Ever study ever cited in attempts to “prove” low dose radiation is good for health has approx 10% of the validity of the BEIR so I’ll go with the decades of large scale state-of-the-art testing compared with “Bob-has-a-pet-theory” science.
Radiation dose accumulates so claiming low dose is harmless is flawed on it’s face.

THe nuclear energy industry would like people like me to “shut up and eat your radiation!” but they have no idea what dose I’ve already accummulated (medical or other exposures I never consented to - there used to be an online video where a car is driving around an urban area with radiation monitoring device and finds a “hot” spot in the back of a big rig. They follow it around and note that the radioactive load is located nearest the driver and he’s just tooling around town, unaware of what he’s hauling)

One of the lessons of Chernobyl is that in an exposed population, approx 10-15% are more sensitive to radiation and suffer greater harm, the largest 70% are Moderately sensitive and suffer harm at lesser numbers (harm but less) and the lowest 10-15% on the chart are much less sensitive to radiation.
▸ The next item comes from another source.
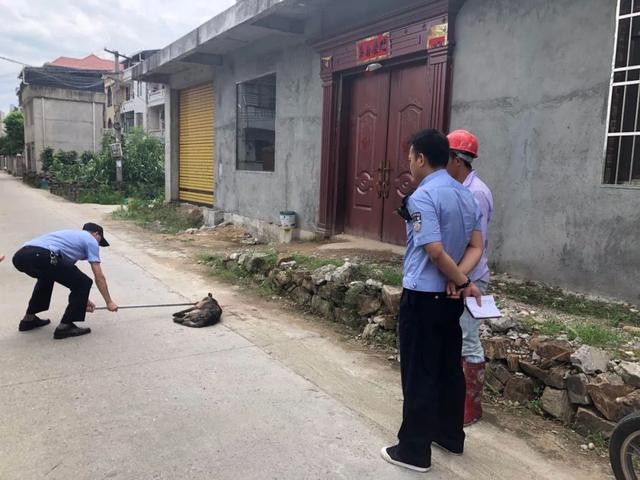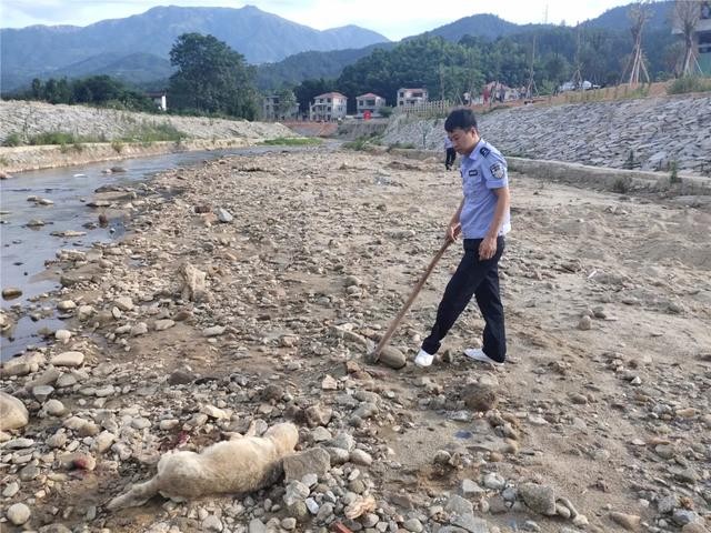 6月19日8时许,泉江派出所接到群众报警称,泉江镇良头村良头桥头附近出现一条疯狗,见人就咬,严重威胁到周边群众的人生安全。

So that meant that in the early days of the Chernobyl disaster, some people succumbed quickly, some never succumbed at all, and the mid response was mixed. The guy chiefly responsible for the disaster was exposed to shockingly high doses (radioactive dust blew on him) and he lived to old age yet the men next to him, also exposed at the same levels died grisly deaths in a matter of days. It matters who you are, how well you can tolerate depressed immune response, how well your body heals, your age, your gender etc. and I think it’s pointless to imply that “low dose radiation is harmless and may be beneficial” when people have no idea what their immune system is already protecting them from and what their sensitivity to radiation is, what their accumulated dose is etc.

I note that the standard to which proponents of hormesis adhere are nothing compared with national long term longitudinal state-of-the-art science. By this I mean, the same people who critique BEIR will accept “medicine man” levels of fake science when it comes to hormesis - particularly those in the nuclear industry. Decades of information gleaned from Chernobyl and now accumulating in Japan will be ignored in favor of backward high hopes (hormesis). In fact, hormesis has a long way to go before the same population of scientists who critique the BEIR will even deign to critique hormesis wishcraft.